**ACTION ITEM:** Only the text of the records belongs in the answer, copied exactly and without pictures.

Segment Start: SOURCE INFORMATION

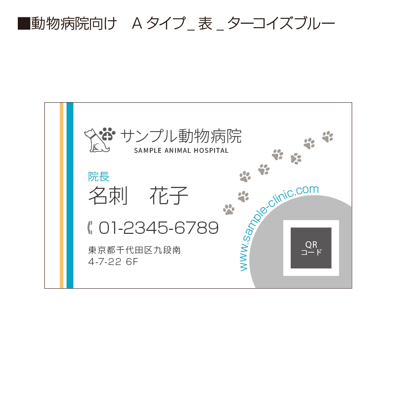 【名刺】動物病院さんにおすすめ! Aタイプ/ターコイズブルー
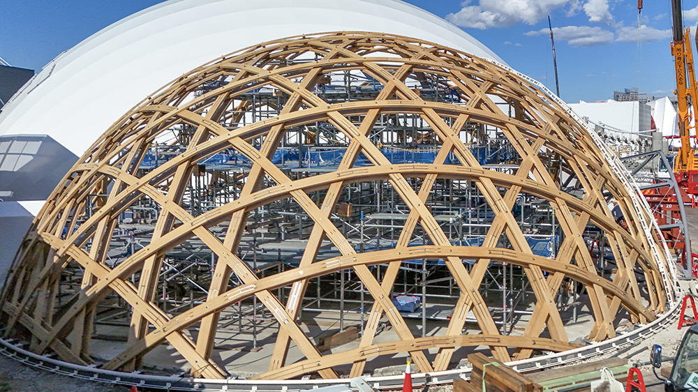 CFRPのドームには最上層にスチールが使われ、その内側に100φのCFRPを独自開発の接合部材で継ぎ、2層を特注のスペーサーを介して紐で結んで実現した。
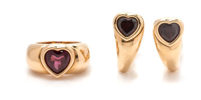 consisting of a ring containing one heart shape mixed cut garnet together with a pair of earclips containing two heart shape mixed cut garnets.Ring stamp: A87049 PIAGET 1996 56 750.Earring stamp: 750.
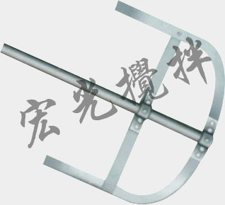 槳葉外緣形狀與攪拌槽內(nèi)壁要一致(圖5),其間僅有小的間隙,可清除附在槽壁上的粘性反應產(chǎn)物或堆積于槽底的固體物,保持好的傳熱效果。槳葉外緣的圓周速度為 0.5~1.5m/s,可用于攪拌粘度高達 200Pa·s的牛頓型流體。
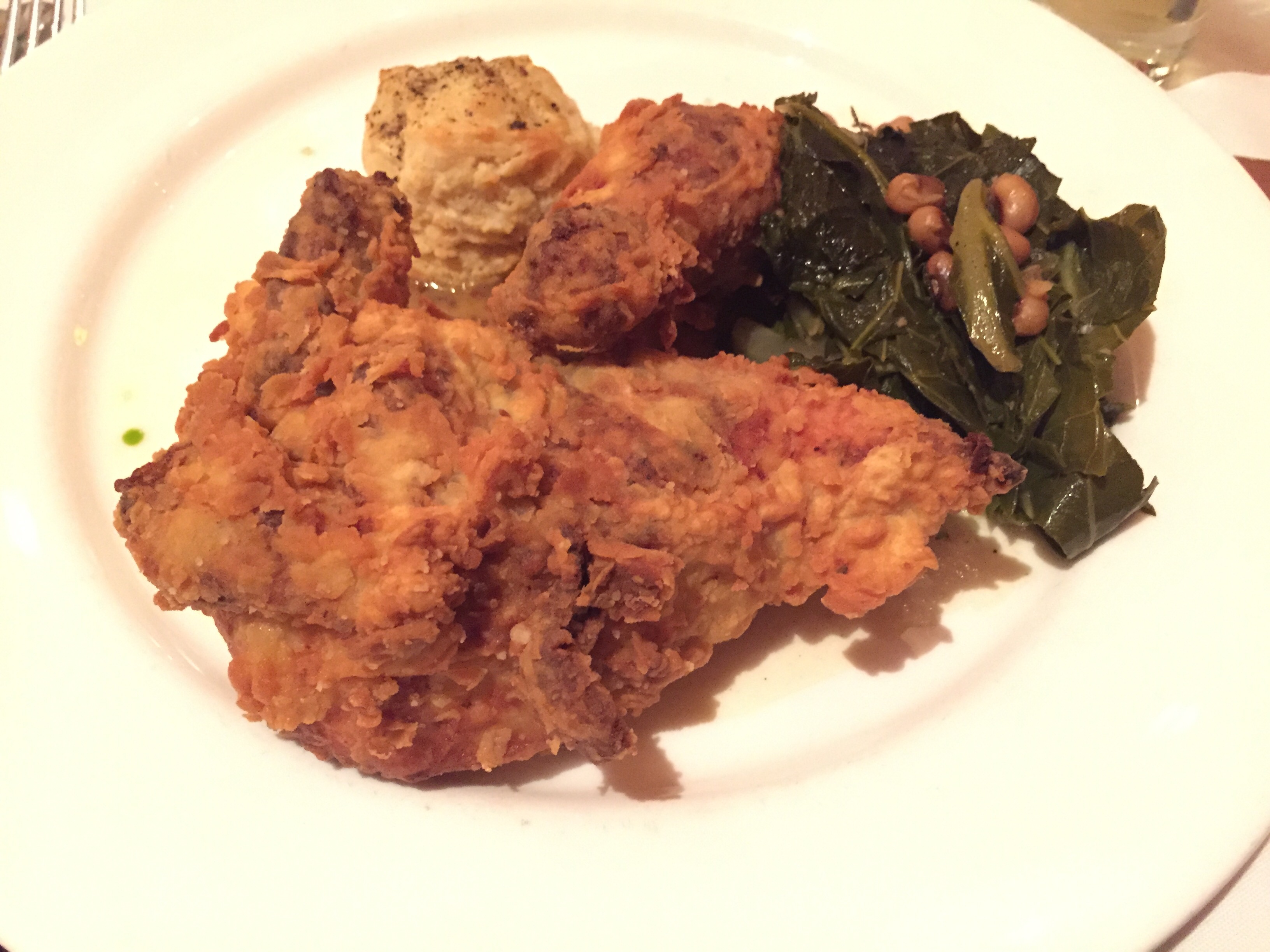 I ordered their fried chicken which came with collard greens, black eye peas and a salt and pepper biscuit. The menu says the fried chicken is a “secret recipe,” I’m totally fine with them keeping the recipe a secret! What’s no secret is the food has little flavor and the $35.00 fried chicken was underdone. I had better fried chicken for less than $3.00 at the local Kennedy’s near 176th Street on the Grand Concourse in the Bronx. The greens had too much vinegar and the biscuit was bland at Bar Americain. None of it was worth the money. You are paying for the location and the name when you eat there.
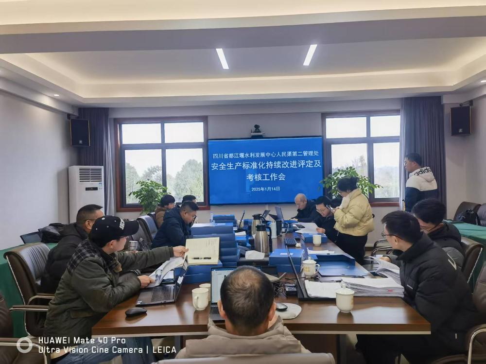 为持续巩固水利安全生产标准化一级达标成果,着力夯实安全生产基础,1月14日,都发中心组织对人民渠第二管理处安全生产标准化持续改进进行评定和考核。本次评定和考核由都发中心安监处带队,灌区各管理处代表组成考核组。

Segment End: SOURCE INFORMATION

**ANSWER FOR THE TASK:**
 【名刺】動物病院さんにおすすめ! Aタイプ/ターコイズブルー
 CFRPのドームには最上層にスチールが使われ、その内側に100φのCFRPを独自開発の接合部材で継ぎ、2層を特注のスペーサーを介して紐で結んで実現した。
 consisting of a ring containing one heart shape mixed cut garnet together with a pair of earclips containing two heart shape mixed cut garnets.Ring stamp: A87049 PIAGET 1996 56 750.Earring stamp: 750.
 槳葉外緣形狀與攪拌槽內(nèi)壁要一致(圖5),其間僅有小的間隙,可清除附在槽壁上的粘性反應產(chǎn)物或堆積于槽底的固體物,保持好的傳熱效果。槳葉外緣的圓周速度為 0.5~1.5m/s,可用于攪拌粘度高達 200Pa·s的牛頓型流體。
 I ordered their fried chicken which came with collard greens, black eye peas and a salt and pepper biscuit. The menu says the fried chicken is a “secret recipe,” I’m totally fine with them keeping the recipe a secret! What’s no secret is the food has little flavor and the $35.00 fried chicken was underdone. I had better fried chicken for less than $3.00 at the local Kennedy’s near 176th Street on the Grand Concourse in the Bronx. The greens had too much vinegar and the biscuit was bland at Bar Americain. None of it was worth the money. You are paying for the location and the name when you eat there.
 为持续巩固水利安全生产标准化一级达标成果,着力夯实安全生产基础,1月14日,都发中心组织对人民渠第二管理处安全生产标准化持续改进进行评定和考核。本次评定和考核由都发中心安监处带队,灌区各管理处代表组成考核组。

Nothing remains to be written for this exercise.